What I’ve Learned: John Maneri

What I’ve Learned: John Maneri

Posted 7/22/2015


President/CEO, Maneri~Agraz Enterprises, Ltd.

My Dad was a tavern owner who worked 364 days a year; he demonstrated a work ethic that I have attempted to mimic throughout my career. His motto was a simple one— ‘What you put in is what you get out.’ No truer words have been spoken.

A favorite quote of mine from the TV series Friday Night Lights—‘Clear Eyes, Full Hearts, Can’t Lose.’ It was the highly successful high school football team’s mantra. My interpretation is that if you have a clear vision of what your goals are, and you give it all the effort you can possibly give it, then you have already won.

Mentors are invaluable – find one or two. They can guide you when you are unsure or confused, and assure you when you feel defeated. They can fill in the gaps when striving toward your goals.

If you simply do what you say you are going to do, your customers will be thrilled and begging for more. It’s amazing how few companies practice this simple yet very effective principle. It will differentiate you from your competition and forge long lasting relationships.

Lead by example. Never ask an employee to do something that you have not done.

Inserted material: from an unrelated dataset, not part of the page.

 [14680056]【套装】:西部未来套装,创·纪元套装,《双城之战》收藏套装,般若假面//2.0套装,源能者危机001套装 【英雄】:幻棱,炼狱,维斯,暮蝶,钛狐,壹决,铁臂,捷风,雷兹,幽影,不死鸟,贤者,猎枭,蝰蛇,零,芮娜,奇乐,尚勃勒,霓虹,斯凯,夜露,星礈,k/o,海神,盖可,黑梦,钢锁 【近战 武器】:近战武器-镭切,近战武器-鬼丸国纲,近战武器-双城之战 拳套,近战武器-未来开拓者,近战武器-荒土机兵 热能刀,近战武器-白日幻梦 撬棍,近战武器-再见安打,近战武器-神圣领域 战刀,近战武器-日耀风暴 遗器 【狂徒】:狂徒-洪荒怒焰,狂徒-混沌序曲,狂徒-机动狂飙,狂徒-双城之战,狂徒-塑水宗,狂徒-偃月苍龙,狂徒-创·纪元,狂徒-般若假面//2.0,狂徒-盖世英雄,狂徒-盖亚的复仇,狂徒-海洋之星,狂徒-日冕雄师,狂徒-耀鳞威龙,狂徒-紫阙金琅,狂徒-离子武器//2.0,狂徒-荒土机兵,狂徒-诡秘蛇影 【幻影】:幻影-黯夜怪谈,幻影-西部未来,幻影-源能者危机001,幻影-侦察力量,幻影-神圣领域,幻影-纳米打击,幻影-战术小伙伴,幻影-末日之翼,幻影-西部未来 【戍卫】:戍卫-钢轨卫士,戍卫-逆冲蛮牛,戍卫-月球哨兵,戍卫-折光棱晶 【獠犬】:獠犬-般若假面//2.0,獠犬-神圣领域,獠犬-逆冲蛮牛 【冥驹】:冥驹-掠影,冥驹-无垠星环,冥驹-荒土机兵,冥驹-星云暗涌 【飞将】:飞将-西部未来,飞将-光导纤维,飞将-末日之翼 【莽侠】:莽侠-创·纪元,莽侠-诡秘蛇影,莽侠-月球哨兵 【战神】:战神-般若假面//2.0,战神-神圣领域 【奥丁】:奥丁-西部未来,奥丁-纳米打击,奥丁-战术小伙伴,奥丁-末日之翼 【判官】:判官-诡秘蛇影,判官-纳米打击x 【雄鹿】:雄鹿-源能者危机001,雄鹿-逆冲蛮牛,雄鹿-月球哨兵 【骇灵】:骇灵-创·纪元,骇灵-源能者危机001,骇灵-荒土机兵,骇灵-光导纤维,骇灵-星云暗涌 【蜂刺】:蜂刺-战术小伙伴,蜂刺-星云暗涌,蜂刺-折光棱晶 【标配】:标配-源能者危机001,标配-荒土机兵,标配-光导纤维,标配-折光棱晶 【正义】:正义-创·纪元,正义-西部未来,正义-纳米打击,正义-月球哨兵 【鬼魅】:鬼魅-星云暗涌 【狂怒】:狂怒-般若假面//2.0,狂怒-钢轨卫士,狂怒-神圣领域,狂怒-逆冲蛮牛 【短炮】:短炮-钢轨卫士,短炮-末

Get out in the field and in the trenches as much as possible.

Always make your customers happy. Spend whatever it takes to satisfy them and it will come back to you threefold. Don’t be cheap. The little extras that you can provide a customer at no cost are better than any advertising or marketing dollars you will ever spend.

Treat your employees fairly and honestly, and they will reward you with loyalty and longevity.

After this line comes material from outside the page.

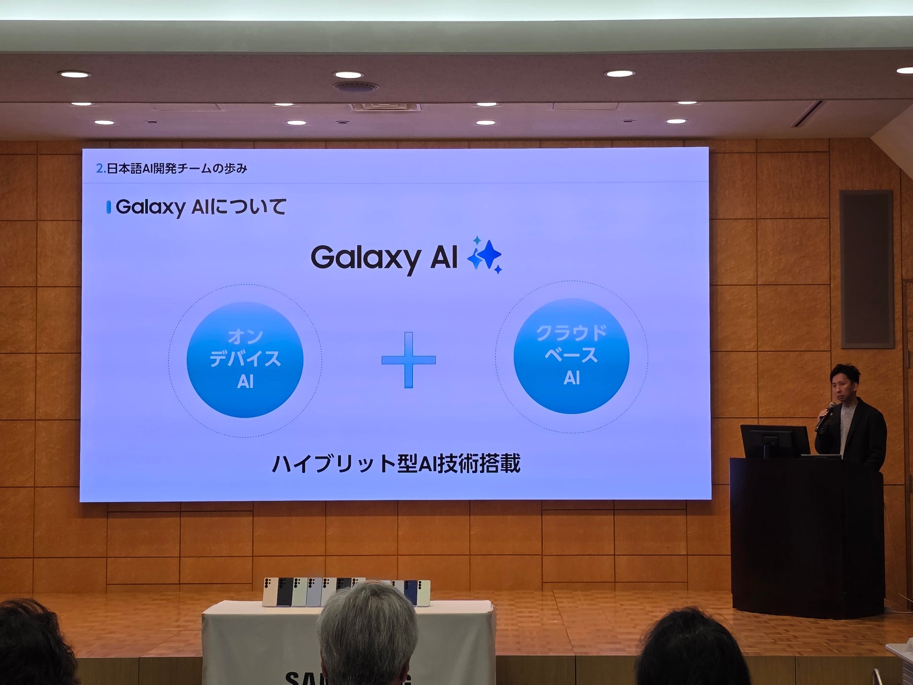 Galaxy AIは、通信不要、プライバシー保護された状態でオンデバイス処理ができる「オンデバイスAI」と、クラウドで処理する「クラウドベースAI」のハイブリッド型AIで構成されています。現在サムスンはオンデバイスAIの開発に力を入れており、特に日本語に関しては、約2年前から日本での開発を開始し、精度高い言語開発を追求し続けています。

Change is inevitable, so embrace it. Don’t let your offering or processes get stagnant. Make it a point to optimize processes and stay current with the market.

Stop talking and listen to your customers. If you do, they will tell you how to win. Educate them—don’t sell them. They are looking for partners not vendors, so listen closely and give them that value that they are asking for. Strive to be a strategic partner as opposed to a commodity-type vendor.

Surround yourself with exceptional partners that share your culture, ethics and integrity. Your partners are an extension of you, so choose them wisely as they can impact your relationship with your customers.

Make it easy to do business with your firm. Customers love that.

Everything is negotiable.

Crisis management will eventually define you. It’s easy to manage a business when all is going smoothly, but businesses are suddenly defined when faced with a crisis. Attack it head on, do the right thing, no matter the cost.

This is the most amazing little secret to achieving a goal that I can share, yet it’s so simple that most people blow it off—write it down. Read it daily, weekly or even monthly. Revise it, edit it; just keep writing down your goals and aspirations. If you do, they will happen. I can’t attempt to explain it, but it works every time.

Be ruthless with yourself. Force yourself into uncomfortable situations that will allow you to grow as a person as well as a professional. Don’t take the easy path; take the route less traveled due to harsh conditions. Victory lies at the end of that rugged road.

My wife, Sherra, is my rock. Everyone should have a spouse that shares his or her life vision and unconditionally accepts you for who you are and the things you do.

Don’t be afraid to take risks and make mistakes. Calculated risks are the only way to grow your business and mistakes are essential for success. So make them and learn from them—they are the best learning tool you will find.